1. La fin des années 90 et le début des années 2000 vont être marqués par une phase de croissance technologique et industrielle mondiale. Cette véritable mutation numérique se matérialise à travers un ensemble impressionnant de produits grand public qui se développent à l’échelle mondiale : micro-ordinateurs, jeux vidéo et consoles, téléphones portables, lecteurs enregistreurs CD puis DVD, télévision numérique, services associés, etc.

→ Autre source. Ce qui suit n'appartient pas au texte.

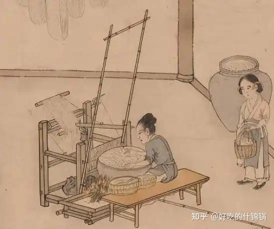 她用的是一架简陋的斜织机,一天到晚“唧唧复唧唧”地响。她织出来的主要是麻布,丝绸那是地主家才穿得起的。女儿小丫就在旁边看,帮着理理线,这是她未来安身立命的根本技能。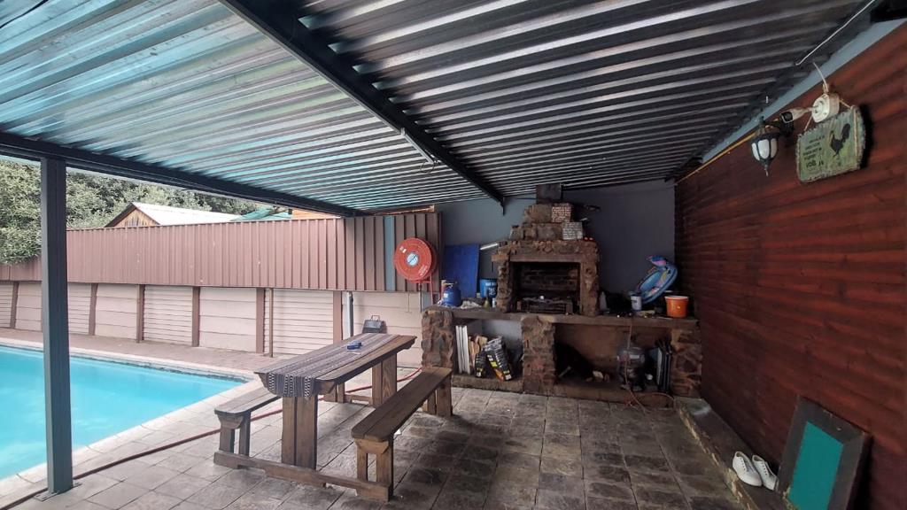 Outside, the property offers carports for two vehicles, a borehole for water savings, a refreshing swimming pool, and two Wendy houses for extra storage or workspace.
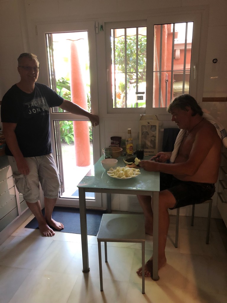 Nach dem Frühstück im Hotel machen wir uns wieder auf den Weg nach El Puerto. Andreas geht am Nachmittag noch arbeiten und ich putze die Wohnung und räume den Bus aus. Freitag früh gegen 6 Uhr ruft Steffen an. Er ist die Nacht durchgefahren und nun wohlbehalten bei uns angekommen. Nach einem Willkommensbier für Steffen und Frühstück für Andreas, fährt Andreas zur Arbeit und Steffen und ich nicken nochmal über. Gegen 12 Uhr gibt es im Vorgarten Frühstück.
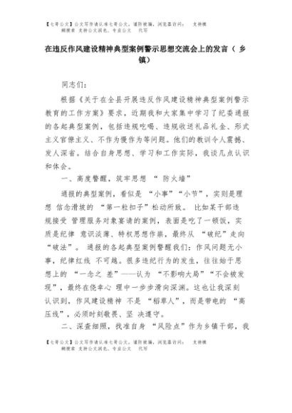 【七哥公文】2025年:在违反作风建设精神典型案例警示思想交流会上的发言(乡镇)+更多免费公文+VX:QiGeGongWen2024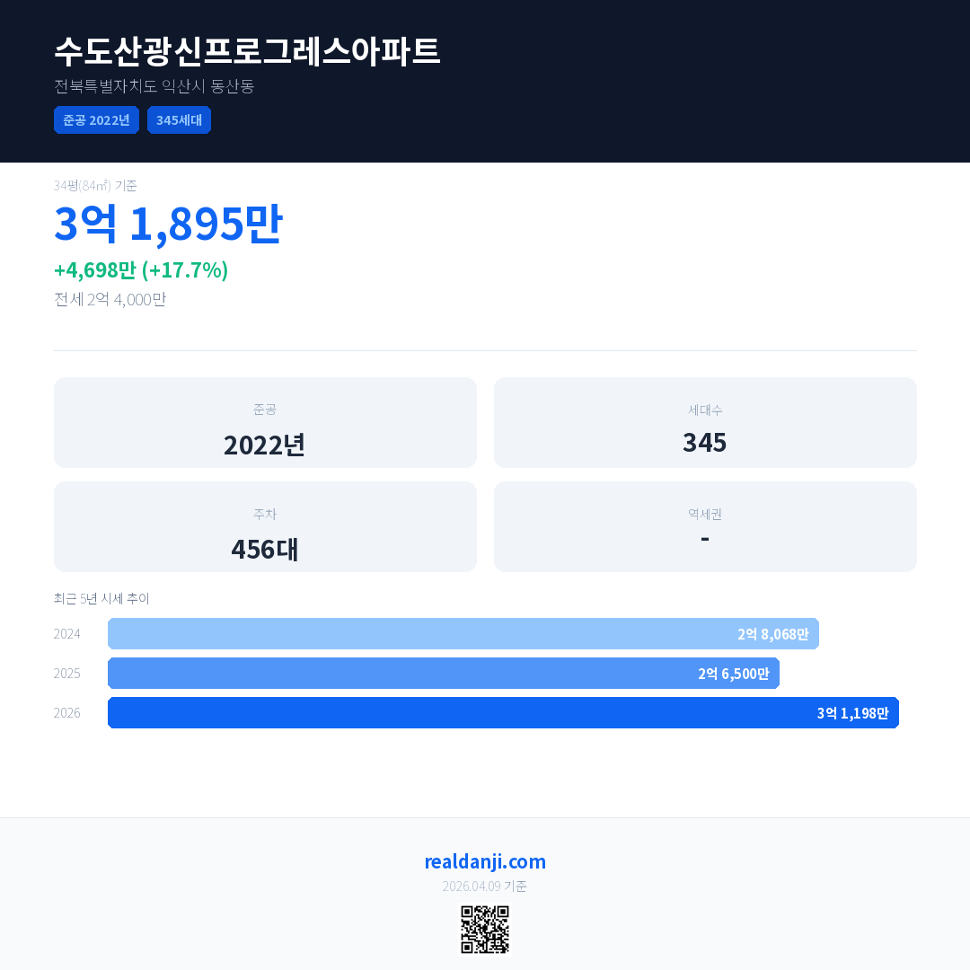 수도산광신프로그레스아파트 국민평형 기준 2026년 평균 거래가는 3억 1,198만으로, 전년 대비 17.7% 상승 했습니다.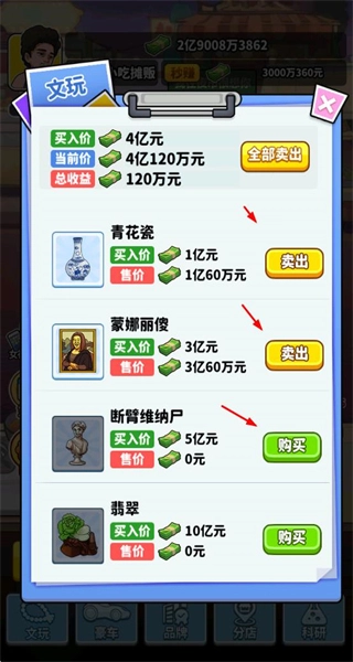 2、在文玩界面,通过买卖文玩商品赚取差价,积累资源以支持经营升级。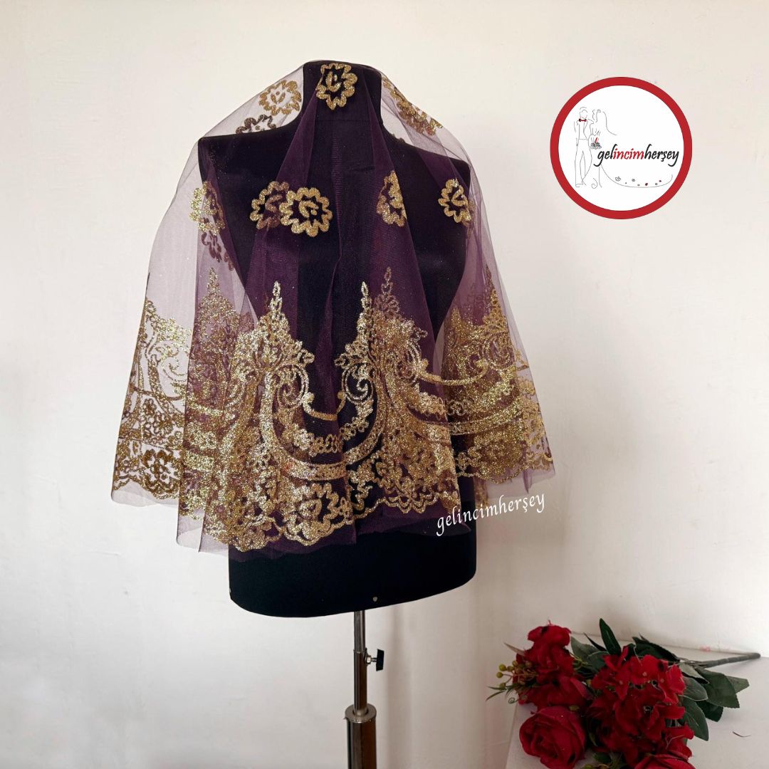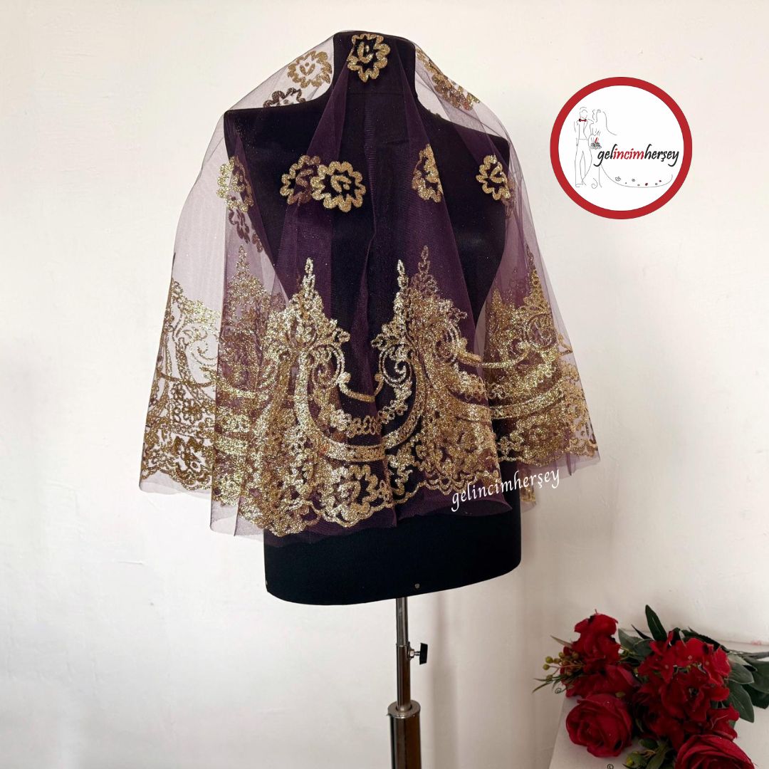 Ürün İçeriği: 1 Adet Altın Simli Yuvarlak Gelin Duvağı, 2 Adet El Gülü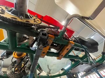 Vendo Tony kart mitox motore originale vortex 100cc, telaio in ottimo stato ,motore con 10 litri da revisione totale, compreso di carrello porta kart, volante radiatore barra telaio e disco freno originali, telemetria aim mychron dell’epoca , silenziatore in carbonio nuovo e varie corone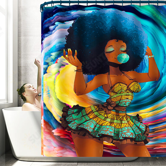 African American Black Women Waterproof Shower Curtain Set with Rugs Non-Slip Bathroom Mat Toilet Rug Bath Mat Set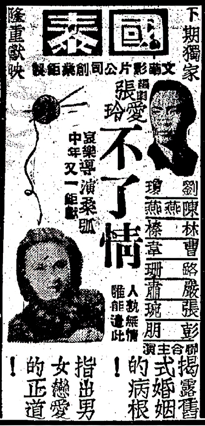 紧接着,情感的拉丝更细更密也更长的《不了情》在国泰戏院登场。电影海报上有对“健康的主题”宣告:“揭露旧式婚姻的病根!指出男女恋爱的正道!”(电影《不了情》广告,香港《大公报》1951年5月21日);也有以导演之名趁热打铁的召集:“《哀乐中年》导演桑弧又一巨献”“本院连满一百一十场之《哀乐中年》大导演”(电影《不了情》广告,香港《大公报》1951年5月24日);不过,比导演名更居视觉中心、字体也更大的是编剧“张爱玲”。此时的张爱玲,还在解放后的上海:她以笔名“梁京”在《亦报》上连载了长篇小说《十八春》,桑弧期待这是她“创作生活上的再出发”(叔红[桑弧]:《推荐梁京的小说》,上海《亦报》1950年3月24日),她也以这个笔名为桑弧导演的新片《太平春》写了影评;她还在夏衍的关注下,参加了“上海市第一届文学艺术工作者代表大会”。因为《不了情》,她的名字出现在香港海报和报纸上的时候,《十八春》已在报上连载完,她可能为单行本的出版忙着修订,也可能已经在着手写中篇小说《小艾》,几个月后它又将在《亦报》上连载。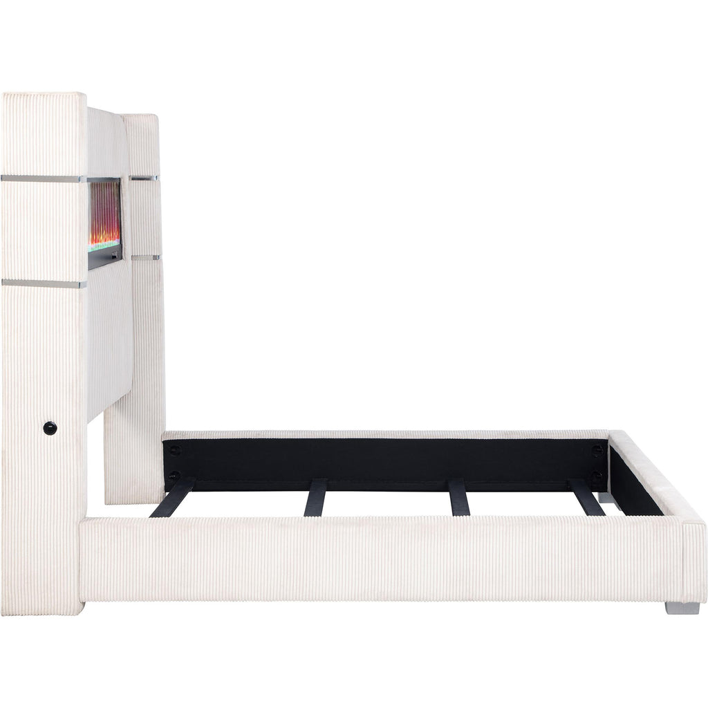 Transform any bedroom into a captivating sanctuary with this show-stopping bed, designed to draw attention and invite comfort. Available in plush corduroy upholstery, this bed effortlessly blends soft texture with modern sophistication. The integrated flame box offers a mesmerizing visual with 16 adjustable color options, all controlled via a convenient remote. With its eye-catching design and cozy feel, this bed elevates the bedroom experience while offering a stylish focal point.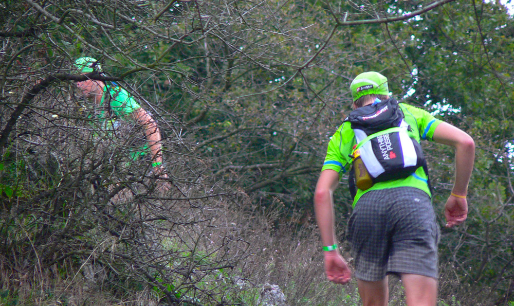 Veľké Pole - Jarabá skala: Ja sa na tento úsek naopak vždy teším - konečne budem vyššie, bude lepší vzduch, príjemne mäkko pod nohami, ožívam. Tak aj teraz. Dopujem sa pre istotu chémiou, aby sa ľahšie stúpalo na Rúbaný vrch, odkiaľ sa už dobre beží. Aj mi to celkom v tej dnešnej mizérii ide, keď zrazu sa okolo mňa preženie lokomotíva Tomáš Bizoň. Keď ja idem na Šlehu, čo si dal on??? Pod Tríbečom vyzeral biedne. Tiež opustil parťáka, ktorého vraj zradil žalúdok, a ide ako píla. O chvíľu ma ale predbieha zas: nejaký debil tam musel prehodiť fáborky náročky do zlého smeru! Uverili viacerí, Ivan Mudroň tak asi prišiel o striebro. V cieli padla myšlienka, že to bol možno krčmár zdola z dediny, aby získal klientov :-)

2. Autant de produits qui amorcent une véritable explosion consumériste mondiale et une démocratisation de masse de l’informatique personnelle, tant dans les pays développés, où ils pénètrent dans les foyers les plus modestes, que dans le reste du monde, où ils deviennent également l’apanage des classes supérieures et moyennes.

3. Dans le même temps, la généralisation des connexions à haut débit et les connexions sans fil (wifi, Bluetooth) font exploser l’utilisation d’Internet, les achats en ligne et les innombrables activités qu’offre le Web.

A partir de 2005, ces phénomènes vont provoquer la formation d’une cyber-planète au rythme du Web 2 interactif (blogs, wiki, réseaux sociaux, logiciels libres), en attendant le Web 3 sémantique (informatique linguistique, gestion électronique de la documentation, interfaces vocales, traduction automatique, agents intelligents). La toile un véritable continent numérique dont la croissance accélérée est décrite dans « Netbrain » par Denis Ettighoffer (Dunod 2008). Il décrit ce continent numérique qui est déjà le plus grand marché du monde, qui bénéficie du plus fort taux de croissance, qui crée le plus d’emplois, qui attire les plus gros investissements.

En 50 ans, le monde s’est transformé, il s’est doublé d’une cyber planète avec ses réseaux de citoyens, de communautés, ses réseaux sociaux, ses sites d’entreprises, d’Etats et d’institutions internationales. C’est sur cette planète numérique que les cyber guerriers vont devenir des acteurs mondiaux à part entière.

3. Les cyber guerriers

Le cyber citoyen est potentiellement un cyber guerrier. Non pas un militaire agissant pour une organisation centralisée, mais un guerrier agissant de manière autonome ou en se joignant librement, et plus ou moins régulièrement, à un réseau de soutien pour une action citoyenne particulière.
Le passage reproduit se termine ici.